This blog has been saying for a while that financial fraud is more pervasive than the officialdom wanted to acknowledge. We believe it is not uncommon at big firms (see last night’s discussion of Merrill, including comments), but no one wants to open that can of worms.
However, small fry (even biggish ones, as long as they are independent entities, not famous brand names) are fair game, and mini-Madoffs are popping up right and left.
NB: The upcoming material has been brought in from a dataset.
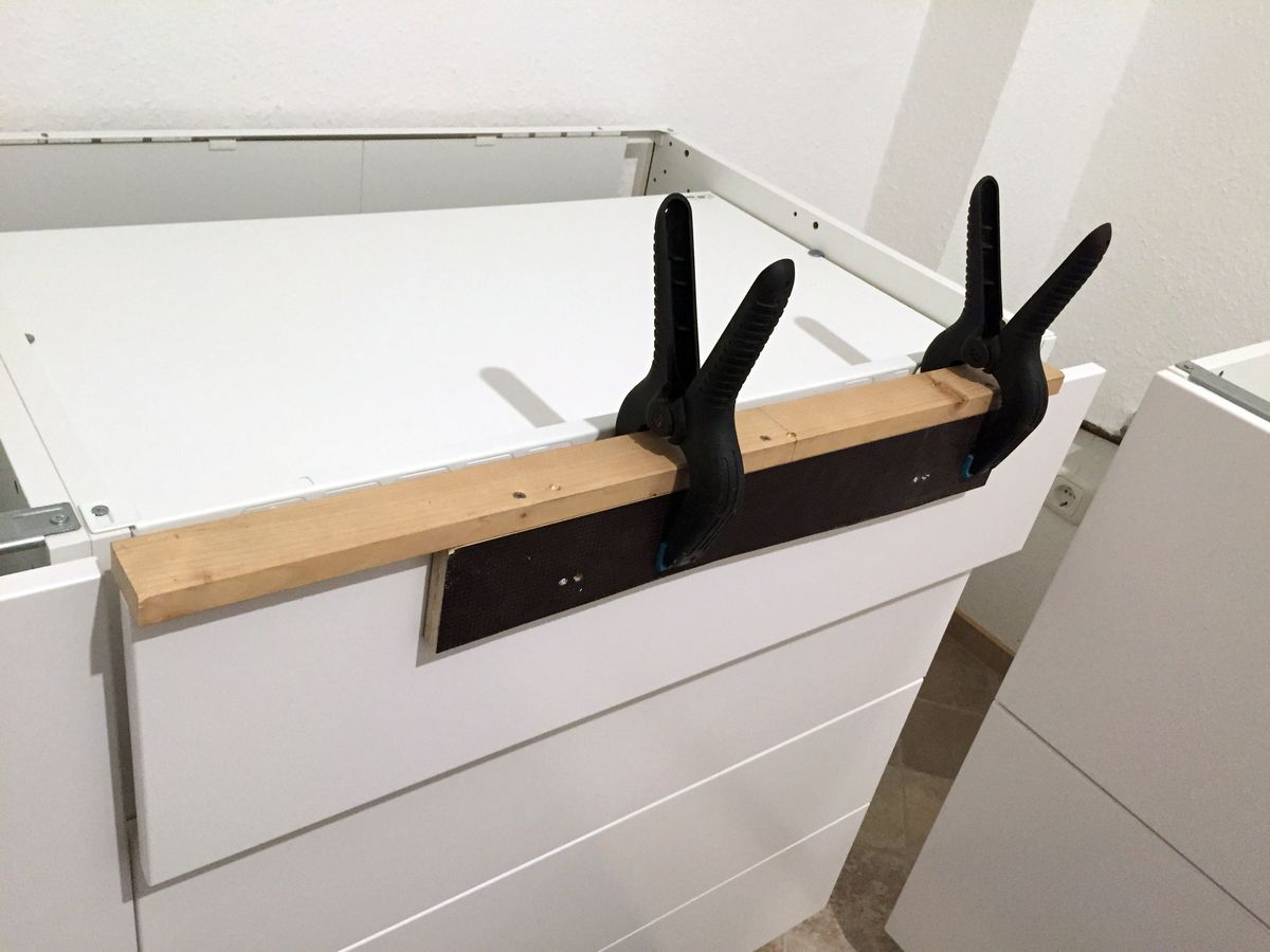 Da reichen aber auch zwei einfache Winkel innen und lange Schrauben hintenraus durch die Rückwand.

From the Financial Times:
US federal regulators have warned of a “rampant Ponzimonium” as they disclosed they are investigating “hundreds” of possible scams in the aftermath of the $50bn fraud allegedly perpetrated by Bernard Madoff.Bart Chilton, a commissioner at the Commodities Futures Trading Commission, the US regulator, said the watchdog was “seeing more of these scams than ever before” in commodities and other futures markets.
Mr Chilton said the CFTC, which patrol commodities and financial futures markets such as derivatives on stocks and foreign exchange, was investigating “hundreds of individuals and entities, many of which were related to Ponzi scams”.
The CFTC has filed charges against 15 alleged Ponzi schemes so far this year, compared with 13 during the whole of 2008. If the rate were sustained, the regulator could end the year filling more than 60 cases, officials said.
US regulators have said they are detecting more scams than before as the publicity surrounding Mr Madoff‘s case prompts some investors to question the credibility of returns.
But this is the first time a senior regulator has publicly put the number of investigation in the “hundreds”….
Mr Chilton did not provide details of the investigations but it is likely the majority of the cases relate to small investments, in the range of a few million dollars to $50m (€37m, £35m).
To his credit, Chilton has also been willing to say, contrary to party line, that there was such a thing as manipulation in the commodity markets.






An inflating debt bubble can hide almost any dodgy scheme and make lousy business models look brilliant. It is really tricky to regulate that properly, in particular when the animal spirits cloud people’s judgment.